_Provided records_
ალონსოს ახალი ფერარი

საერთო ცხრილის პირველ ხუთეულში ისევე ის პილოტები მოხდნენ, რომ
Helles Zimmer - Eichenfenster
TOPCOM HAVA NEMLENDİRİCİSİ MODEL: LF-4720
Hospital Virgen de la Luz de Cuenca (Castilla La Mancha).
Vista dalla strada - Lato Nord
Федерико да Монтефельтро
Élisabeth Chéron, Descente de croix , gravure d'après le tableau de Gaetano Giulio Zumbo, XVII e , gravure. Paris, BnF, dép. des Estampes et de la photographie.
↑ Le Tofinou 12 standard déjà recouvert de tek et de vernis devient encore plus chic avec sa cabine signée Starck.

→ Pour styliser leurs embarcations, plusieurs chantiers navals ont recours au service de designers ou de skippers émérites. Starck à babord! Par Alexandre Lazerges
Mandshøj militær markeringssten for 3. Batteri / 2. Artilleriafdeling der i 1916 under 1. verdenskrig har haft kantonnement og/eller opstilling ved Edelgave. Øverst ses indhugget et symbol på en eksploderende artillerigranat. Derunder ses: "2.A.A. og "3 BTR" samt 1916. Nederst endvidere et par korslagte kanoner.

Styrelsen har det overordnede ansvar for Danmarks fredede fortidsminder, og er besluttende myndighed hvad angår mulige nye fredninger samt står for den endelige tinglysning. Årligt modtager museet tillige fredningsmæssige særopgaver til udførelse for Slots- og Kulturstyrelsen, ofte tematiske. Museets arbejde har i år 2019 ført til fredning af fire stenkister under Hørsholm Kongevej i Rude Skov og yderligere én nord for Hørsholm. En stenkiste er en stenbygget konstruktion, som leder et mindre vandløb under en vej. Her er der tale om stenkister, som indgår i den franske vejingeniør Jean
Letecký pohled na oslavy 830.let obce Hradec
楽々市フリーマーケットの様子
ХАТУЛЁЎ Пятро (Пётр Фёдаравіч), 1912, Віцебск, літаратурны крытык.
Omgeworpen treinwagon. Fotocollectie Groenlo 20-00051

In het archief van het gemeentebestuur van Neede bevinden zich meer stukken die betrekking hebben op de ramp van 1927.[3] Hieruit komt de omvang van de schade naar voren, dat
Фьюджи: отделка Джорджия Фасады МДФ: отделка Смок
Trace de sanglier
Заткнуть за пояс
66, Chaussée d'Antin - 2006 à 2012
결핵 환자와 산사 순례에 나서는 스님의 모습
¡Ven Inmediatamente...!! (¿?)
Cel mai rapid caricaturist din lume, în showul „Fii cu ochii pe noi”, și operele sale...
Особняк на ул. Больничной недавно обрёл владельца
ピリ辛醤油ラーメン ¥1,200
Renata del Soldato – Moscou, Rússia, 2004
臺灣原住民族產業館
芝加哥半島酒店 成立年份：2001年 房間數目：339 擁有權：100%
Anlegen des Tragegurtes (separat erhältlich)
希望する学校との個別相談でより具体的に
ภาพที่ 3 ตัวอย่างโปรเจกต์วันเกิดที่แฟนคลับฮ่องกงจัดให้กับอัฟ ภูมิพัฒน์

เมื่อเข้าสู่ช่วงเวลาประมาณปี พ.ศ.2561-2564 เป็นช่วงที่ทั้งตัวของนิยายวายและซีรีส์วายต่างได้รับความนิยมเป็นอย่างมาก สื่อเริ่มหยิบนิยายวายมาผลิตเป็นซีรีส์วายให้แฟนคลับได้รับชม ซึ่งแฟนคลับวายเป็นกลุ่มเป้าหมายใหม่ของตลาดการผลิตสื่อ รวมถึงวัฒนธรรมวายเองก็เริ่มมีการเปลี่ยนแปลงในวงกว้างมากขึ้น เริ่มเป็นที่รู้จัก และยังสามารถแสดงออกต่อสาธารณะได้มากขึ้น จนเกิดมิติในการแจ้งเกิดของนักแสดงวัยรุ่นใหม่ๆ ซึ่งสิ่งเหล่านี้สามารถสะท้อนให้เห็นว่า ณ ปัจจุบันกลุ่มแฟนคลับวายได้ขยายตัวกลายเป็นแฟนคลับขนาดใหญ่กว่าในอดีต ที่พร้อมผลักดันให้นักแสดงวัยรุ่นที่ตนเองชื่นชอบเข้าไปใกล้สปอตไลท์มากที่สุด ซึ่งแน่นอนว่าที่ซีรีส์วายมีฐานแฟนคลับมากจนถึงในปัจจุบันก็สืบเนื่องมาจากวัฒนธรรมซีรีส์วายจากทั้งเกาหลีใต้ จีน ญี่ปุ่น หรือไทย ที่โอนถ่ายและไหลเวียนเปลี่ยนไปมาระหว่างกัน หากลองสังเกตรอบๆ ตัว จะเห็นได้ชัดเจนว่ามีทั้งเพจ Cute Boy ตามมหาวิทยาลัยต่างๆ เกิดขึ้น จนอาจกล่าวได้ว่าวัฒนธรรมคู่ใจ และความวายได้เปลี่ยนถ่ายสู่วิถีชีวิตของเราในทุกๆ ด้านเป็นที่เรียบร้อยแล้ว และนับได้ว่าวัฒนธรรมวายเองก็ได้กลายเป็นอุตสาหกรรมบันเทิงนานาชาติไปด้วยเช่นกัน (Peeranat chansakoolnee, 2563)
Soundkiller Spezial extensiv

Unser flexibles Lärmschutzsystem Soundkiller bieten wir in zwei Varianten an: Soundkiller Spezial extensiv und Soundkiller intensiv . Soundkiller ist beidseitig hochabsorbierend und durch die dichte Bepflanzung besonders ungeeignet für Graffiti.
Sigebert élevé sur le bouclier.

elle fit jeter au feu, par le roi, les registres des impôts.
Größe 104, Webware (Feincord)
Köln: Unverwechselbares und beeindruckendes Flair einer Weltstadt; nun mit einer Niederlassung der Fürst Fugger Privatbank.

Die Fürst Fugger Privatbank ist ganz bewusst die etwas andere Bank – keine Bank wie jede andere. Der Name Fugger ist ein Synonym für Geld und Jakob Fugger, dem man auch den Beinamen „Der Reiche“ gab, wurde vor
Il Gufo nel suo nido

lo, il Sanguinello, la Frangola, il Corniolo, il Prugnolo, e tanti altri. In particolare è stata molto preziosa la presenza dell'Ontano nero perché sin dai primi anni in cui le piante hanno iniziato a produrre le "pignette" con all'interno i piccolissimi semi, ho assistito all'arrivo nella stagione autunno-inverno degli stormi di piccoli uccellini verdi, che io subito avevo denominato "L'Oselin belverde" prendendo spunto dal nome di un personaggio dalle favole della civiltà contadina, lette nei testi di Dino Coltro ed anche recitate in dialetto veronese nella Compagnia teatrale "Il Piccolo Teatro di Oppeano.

_Task description_
Everything in the listing should be transcribed exactly.

_Expected answer_
ალონსოს ახალი ფერარი

საერთო ცხრილის პირველ ხუთეულში ისევე ის პილოტები მოხდნენ, რომ
Helles Zimmer - Eichenfenster
TOPCOM HAVA NEMLENDİRİCİSİ MODEL: LF-4720
Hospital Virgen de la Luz de Cuenca (Castilla La Mancha).
Vista dalla strada - Lato Nord
Федерико да Монтефельтро
Élisabeth Chéron, Descente de croix , gravure d'après le tableau de Gaetano Giulio Zumbo, XVII e , gravure. Paris, BnF, dép. des Estampes et de la photographie.
↑ Le Tofinou 12 standard déjà recouvert de tek et de vernis devient encore plus chic avec sa cabine signée Starck.

→ Pour styliser leurs embarcations, plusieurs chantiers navals ont recours au service de designers ou de skippers émérites. Starck à babord! Par Alexandre Lazerges
Mandshøj militær markeringssten for 3. Batteri / 2. Artilleriafdeling der i 1916 under 1. verdenskrig har haft kantonnement og/eller opstilling ved Edelgave. Øverst ses indhugget et symbol på en eksploderende artillerigranat. Derunder ses: "2.A.A. og "3 BTR" samt 1916. Nederst endvidere et par korslagte kanoner.

Styrelsen har det overordnede ansvar for Danmarks fredede fortidsminder, og er besluttende myndighed hvad angår mulige nye fredninger samt står for den endelige tinglysning. Årligt modtager museet tillige fredningsmæssige særopgaver til udførelse for Slots- og Kulturstyrelsen, ofte tematiske. Museets arbejde har i år 2019 ført til fredning af fire stenkister under Hørsholm Kongevej i Rude Skov og yderligere én nord for Hørsholm. En stenkiste er en stenbygget konstruktion, som leder et mindre vandløb under en vej. Her er der tale om stenkister, som indgår i den franske vejingeniør Jean
Letecký pohled na oslavy 830.let obce Hradec
楽々市フリーマーケットの様子
ХАТУЛЁЎ Пятро (Пётр Фёдаравіч), 1912, Віцебск, літаратурны крытык.
Omgeworpen treinwagon. Fotocollectie Groenlo 20-00051

In het archief van het gemeentebestuur van Neede bevinden zich meer stukken die betrekking hebben op de ramp van 1927.[3] Hieruit komt de omvang van de schade naar voren, dat
Фьюджи: отделка Джорджия Фасады МДФ: отделка Смок
Trace de sanglier
Заткнуть за пояс
66, Chaussée d'Antin - 2006 à 2012
결핵 환자와 산사 순례에 나서는 스님의 모습
¡Ven Inmediatamente...!! (¿?)
Cel mai rapid caricaturist din lume, în showul „Fii cu ochii pe noi”, și operele sale...
Особняк на ул. Больничной недавно обрёл владельца
ピリ辛醤油ラーメン ¥1,200
Renata del Soldato – Moscou, Rússia, 2004
臺灣原住民族產業館
芝加哥半島酒店 成立年份：2001年 房間數目：339 擁有權：100%
Anlegen des Tragegurtes (separat erhältlich)
希望する学校との個別相談でより具体的に
ภาพที่ 3 ตัวอย่างโปรเจกต์วันเกิดที่แฟนคลับฮ่องกงจัดให้กับอัฟ ภูมิพัฒน์

เมื่อเข้าสู่ช่วงเวลาประมาณปี พ.ศ.2561-2564 เป็นช่วงที่ทั้งตัวของนิยายวายและซีรีส์วายต่างได้รับความนิยมเป็นอย่างมาก สื่อเริ่มหยิบนิยายวายมาผลิตเป็นซีรีส์วายให้แฟนคลับได้รับชม ซึ่งแฟนคลับวายเป็นกลุ่มเป้าหมายใหม่ของตลาดการผลิตสื่อ รวมถึงวัฒนธรรมวายเองก็เริ่มมีการเปลี่ยนแปลงในวงกว้างมากขึ้น เริ่มเป็นที่รู้จัก และยังสามารถแสดงออกต่อสาธารณะได้มากขึ้น จนเกิดมิติในการแจ้งเกิดของนักแสดงวัยรุ่นใหม่ๆ ซึ่งสิ่งเหล่านี้สามารถสะท้อนให้เห็นว่า ณ ปัจจุบันกลุ่มแฟนคลับวายได้ขยายตัวกลายเป็นแฟนคลับขนาดใหญ่กว่าในอดีต ที่พร้อมผลักดันให้นักแสดงวัยรุ่นที่ตนเองชื่นชอบเข้าไปใกล้สปอตไลท์มากที่สุด ซึ่งแน่นอนว่าที่ซีรีส์วายมีฐานแฟนคลับมากจนถึงในปัจจุบันก็สืบเนื่องมาจากวัฒนธรรมซีรีส์วายจากทั้งเกาหลีใต้ จีน ญี่ปุ่น หรือไทย ที่โอนถ่ายและไหลเวียนเปลี่ยนไปมาระหว่างกัน หากลองสังเกตรอบๆ ตัว จะเห็นได้ชัดเจนว่ามีทั้งเพจ Cute Boy ตามมหาวิทยาลัยต่างๆ เกิดขึ้น จนอาจกล่าวได้ว่าวัฒนธรรมคู่ใจ และความวายได้เปลี่ยนถ่ายสู่วิถีชีวิตของเราในทุกๆ ด้านเป็นที่เรียบร้อยแล้ว และนับได้ว่าวัฒนธรรมวายเองก็ได้กลายเป็นอุตสาหกรรมบันเทิงนานาชาติไปด้วยเช่นกัน (Peeranat chansakoolnee, 2563)
Soundkiller Spezial extensiv

Unser flexibles Lärmschutzsystem Soundkiller bieten wir in zwei Varianten an: Soundkiller Spezial extensiv und Soundkiller intensiv . Soundkiller ist beidseitig hochabsorbierend und durch die dichte Bepflanzung besonders ungeeignet für Graffiti.
Sigebert élevé sur le bouclier.

elle fit jeter au feu, par le roi, les registres des impôts.
Größe 104, Webware (Feincord)
Köln: Unverwechselbares und beeindruckendes Flair einer Weltstadt; nun mit einer Niederlassung der Fürst Fugger Privatbank.

Die Fürst Fugger Privatbank ist ganz bewusst die etwas andere Bank – keine Bank wie jede andere. Der Name Fugger ist ein Synonym für Geld und Jakob Fugger, dem man auch den Beinamen „Der Reiche“ gab, wurde vor
Il Gufo nel suo nido

lo, il Sanguinello, la Frangola, il Corniolo, il Prugnolo, e tanti altri. In particolare è stata molto preziosa la presenza dell'Ontano nero perché sin dai primi anni in cui le piante hanno iniziato a produrre le "pignette" con all'interno i piccolissimi semi, ho assistito all'arrivo nella stagione autunno-inverno degli stormi di piccoli uccellini verdi, che io subito avevo denominato "L'Oselin belverde" prendendo spunto dal nome di un personaggio dalle favole della civiltà contadina, lette nei testi di Dino Coltro ed anche recitate in dialetto veronese nella Compagnia teatrale "Il Piccolo Teatro di Oppeano.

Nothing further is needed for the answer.